AIM OF THE TASK:
Copy out all of the lines below exactly; the pictures do not belong in the copy.

MATERIAL PROVIDED:
____
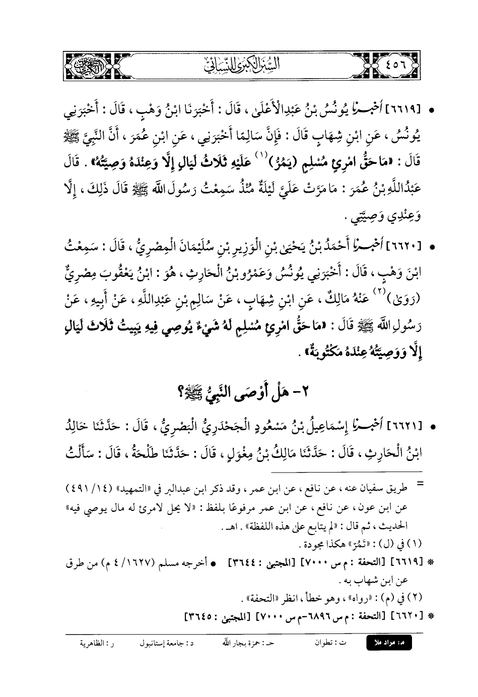 6620- أَخبَرنا أَحْمَدُ بنُ يَحيَى بنِ الوَزِيرِ بنِ سُلَيمَانَ المِصْرِيُّ، قَالَ: سَمِعْتُ ابنَ وَهْبٍ، قَالَ: أَخبَرني يُونُسُ، وَعَمْرُو بنُ الحَارِثِ، هُوَ ابنُ يَعْقُوبَ، مِصْرِيٌّ، رَوَى عَنهُ مَالِكٌ، عَنِ ابنِ شِهَابٍ، عَن سَالِمِ بنِ عَبدِ اللهِ، عَن أَبيهِ، عَن رَسُولِ اللهِ صَلى الله عَليه وسَلم، قَالَ: مَا حَقُّ امْرِئٍ مُسْلِمٍ، لَهُ شَيْءٌ يُوصَى فِيهِ، يَبِيتُ ثَلاثَ لَيَالٍ إِلاَّ وَوَصِيَّتُهُ عِنْدَهُ مَكْتُوبَةٌ.
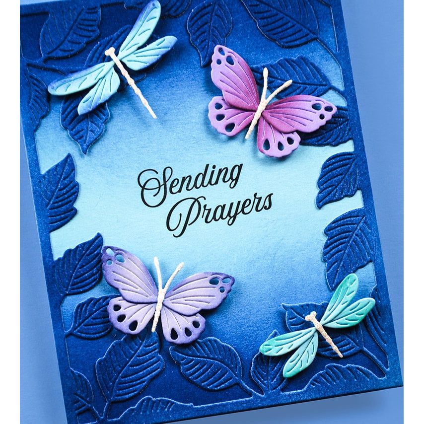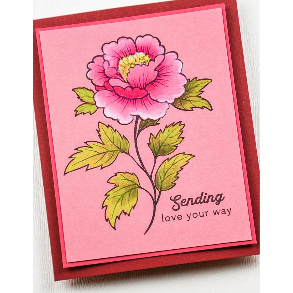 Memory Box With Sympathy Clear Stamp set, part of the Summer Meadow Collection, is a 4 x 6-inch elastopolymer clear stamp set featuring 7 high-quality pieces. It includes a large, leafy, stemmed flower and six heartfelt sentiments: "Sending my love," "With Love," "With Sympathy," "You are in my thoughts," "I’m here if you need me," and "Sending Prayers."
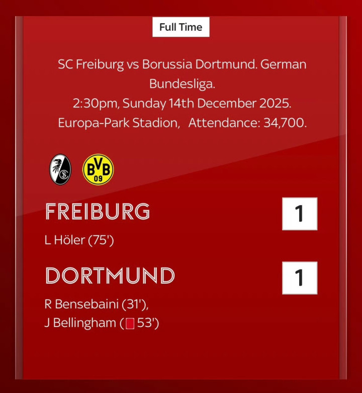 上半场本塞拜尼为多特蒙德首开纪录。易边再战,主场作战的弗赖堡拿回了比赛主动权,第53分钟,乔布·贝林厄姆犯规被红牌罚下,多特蒙德被迫10人应战。此后,弗赖堡加强进攻,在第75分钟由赫勒扳平比分。最终弗赖堡主场1-1战平多特蒙德。
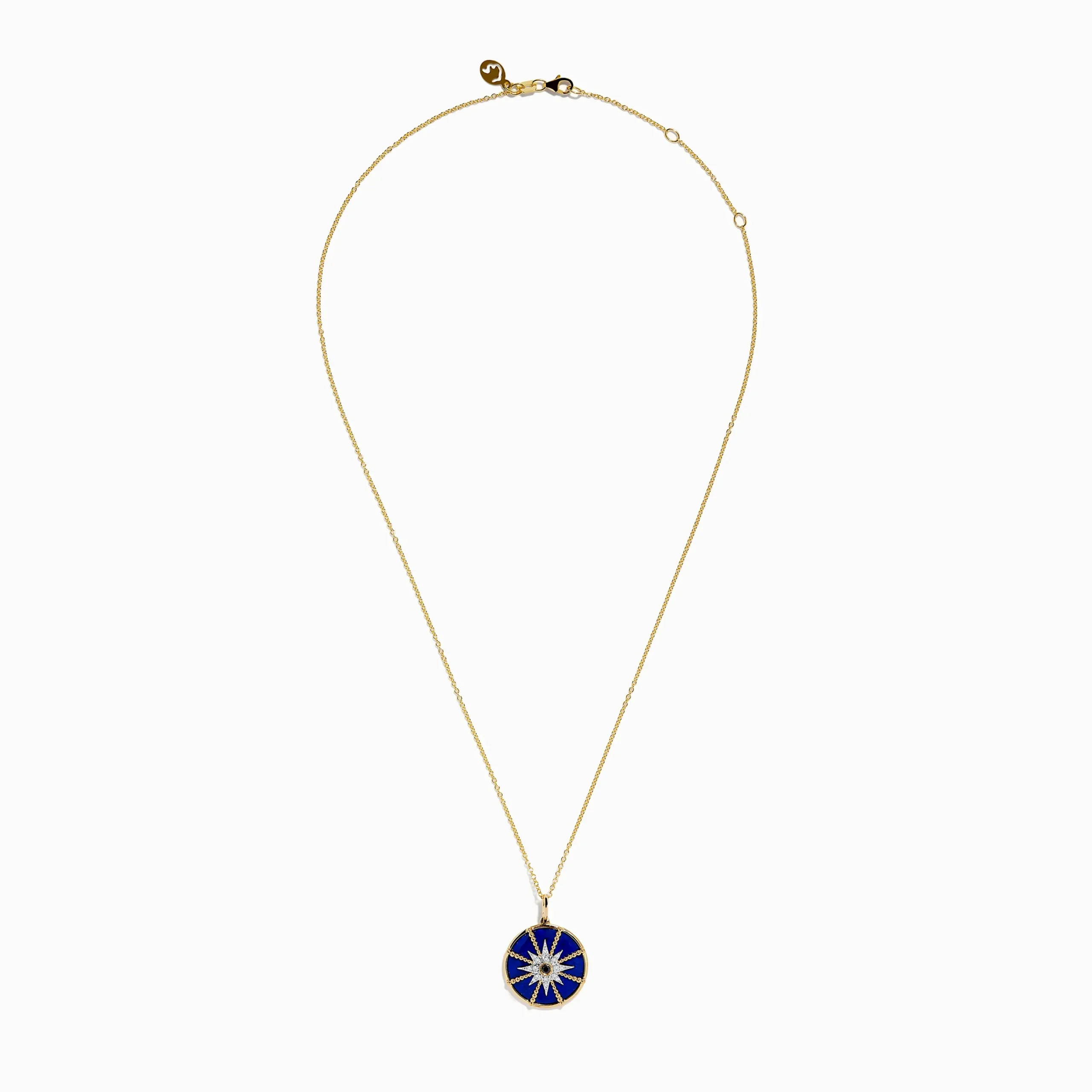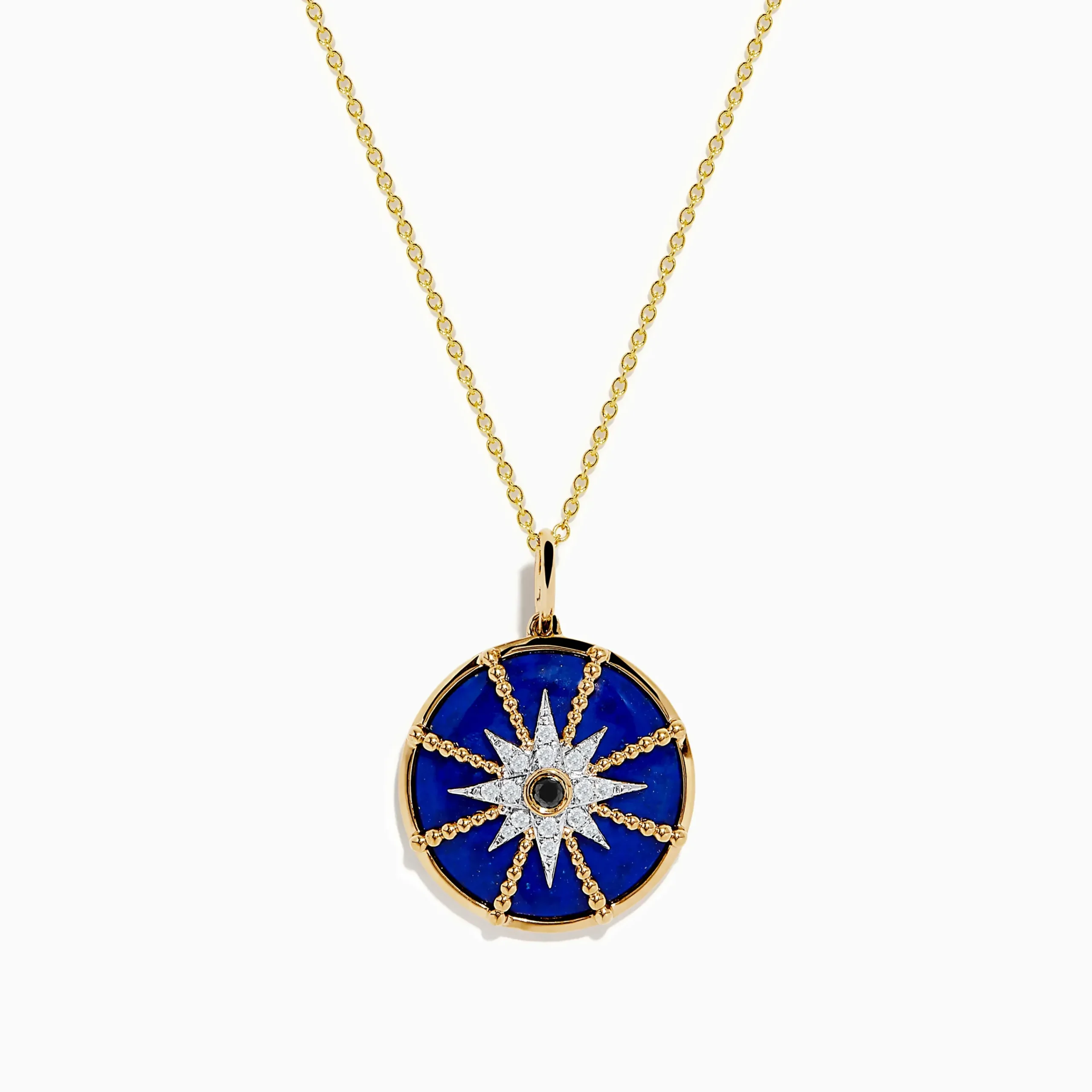 14K Yellow Gold Lapis, White and Black Diamond Compass Pendant
____
PROBLEM SOLUTION:
 6620- أَخبَرنا أَحْمَدُ بنُ يَحيَى بنِ الوَزِيرِ بنِ سُلَيمَانَ المِصْرِيُّ، قَالَ: سَمِعْتُ ابنَ وَهْبٍ، قَالَ: أَخبَرني يُونُسُ، وَعَمْرُو بنُ الحَارِثِ، هُوَ ابنُ يَعْقُوبَ، مِصْرِيٌّ، رَوَى عَنهُ مَالِكٌ، عَنِ ابنِ شِهَابٍ، عَن سَالِمِ بنِ عَبدِ اللهِ، عَن أَبيهِ، عَن رَسُولِ اللهِ صَلى الله عَليه وسَلم، قَالَ: مَا حَقُّ امْرِئٍ مُسْلِمٍ، لَهُ شَيْءٌ يُوصَى فِيهِ، يَبِيتُ ثَلاثَ لَيَالٍ إِلاَّ وَوَصِيَّتُهُ عِنْدَهُ مَكْتُوبَةٌ.
 Memory Box With Sympathy Clear Stamp set, part of the Summer Meadow Collection, is a 4 x 6-inch elastopolymer clear stamp set featuring 7 high-quality pieces. It includes a large, leafy, stemmed flower and six heartfelt sentiments: "Sending my love," "With Love," "With Sympathy," "You are in my thoughts," "I’m here if you need me," and "Sending Prayers."
 上半场本塞拜尼为多特蒙德首开纪录。易边再战,主场作战的弗赖堡拿回了比赛主动权,第53分钟,乔布·贝林厄姆犯规被红牌罚下,多特蒙德被迫10人应战。此后,弗赖堡加强进攻,在第75分钟由赫勒扳平比分。最终弗赖堡主场1-1战平多特蒙德。
 14K Yellow Gold Lapis, White and Black Diamond Compass Pendant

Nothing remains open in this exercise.